Can We Back Into a Plan for More Relevant Learning Design?
If we look ahead to tomorrow’s workplace, we know that employees need to be increasingly:
Agile thinkers and problem solvers
Capable of managing and sorting through massive amounts of information
If we look at today’s college graduates, what do we see? In one New York Times report, Steven Ratner describes millennials as “the best educated generation.” Yet, despite his characterization of them as “engaged, upbeat and open to change,” he also notes that “They are faced with a slow economy, high employment, stagnant wages and student loans that will constrict their ability both to maintain a reasonable lifestyle and to save for the future.”
While it’s reasonable to look to the state of the economy to understand what landed many of this generation of 18-34-year-olds into their current plight, we must also examine the means by which we prepare young people for the workplace in any given time period and in the face of ever changing economic forces.
Education vs. Training Redux
Despite reports of a lagging economy and its impact on the unemployment rate, we still see many jobs being left unfilled every year. While our universities continue to preach the value of a liberal arts education, we are also seeing the growth of “academies” of learning directed at training today’s unemployed graduates and career changers for those open positions. Think Code Academy,Hacker Academy, General Assembly, Galvanize, etc.

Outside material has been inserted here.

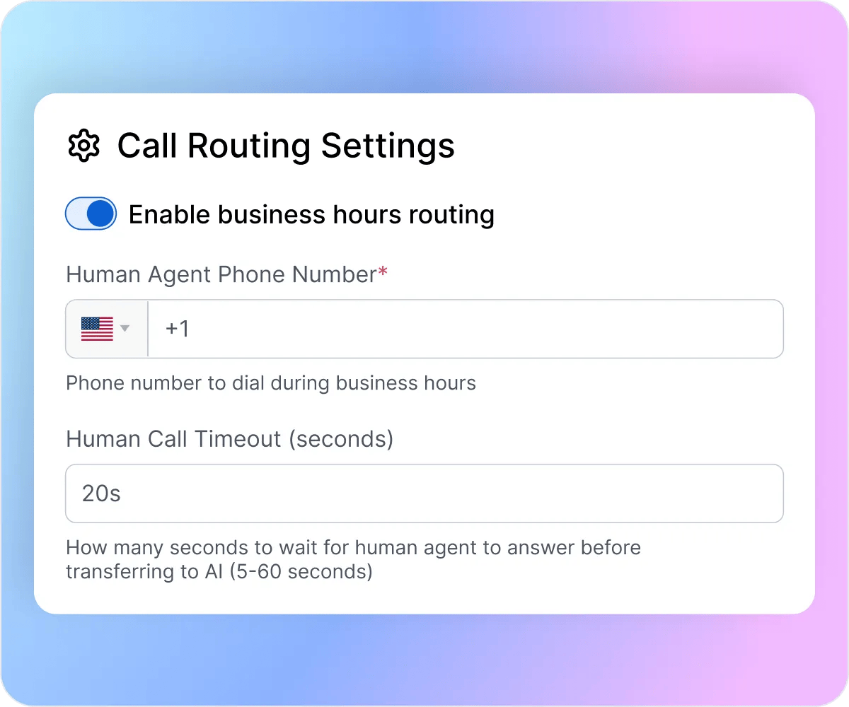You define the rules during setup. Configure specific keywords that trigger immediate transfers (such as “emergency,” “urgent,” or custom terms for your business), set timeout periods when your staff doesn’t answer, and establish business logic for different call types.

In addition to this, we’ve seen organizations such as the Thiel Fellowshipawarding hundreds of thousands of dollars at a time to individuals to circumvent the traditional college education and work on what is now estimated to be over a half a billion dollars of aggregate worth in the past few years.
What we see in common of course is the common denominator of technology associated with all of these efforts. Additionally, we know these groups focus on:
Hands-on learning activities
Real-life business engagements
Mentor-driven learning experiences
Still, we hear about the value of the four-year college experience, and particularly the liberal arts degree. We are still considering the value of that experience toward the development of a more fully-rounded individual, one who has learned from history and who is capable of engaging in the highly analytical thought process that may contribute to the vast amount of problem solving and decision making activities required in today’s and tomorrow’s workplace.
Backward Plan, But Start from the Beginning
We shouldn’t have to wait until college to learn how to think. Or how to think deeply. More project-based learning, more maker-based learning activities and the establishment of mentorship programs at earlier ages can help prepare the students of today for a more complex workplace of tomorrow.
While not everyone will be coding for a living, the students of tomorrow (as do many of today) will understand the principles behind the most relevant of programming languages. Design thinking and systems thinking will play increasing roles in how curriculum is developed and the result will be a stronger candidate for the workplace of tomorrow.
Universities are thinking about this already and considering their place in the world. The same should be true of K-12. How we learn is no longer a part of a single paradigm. Where we do so shouldn’t be, either.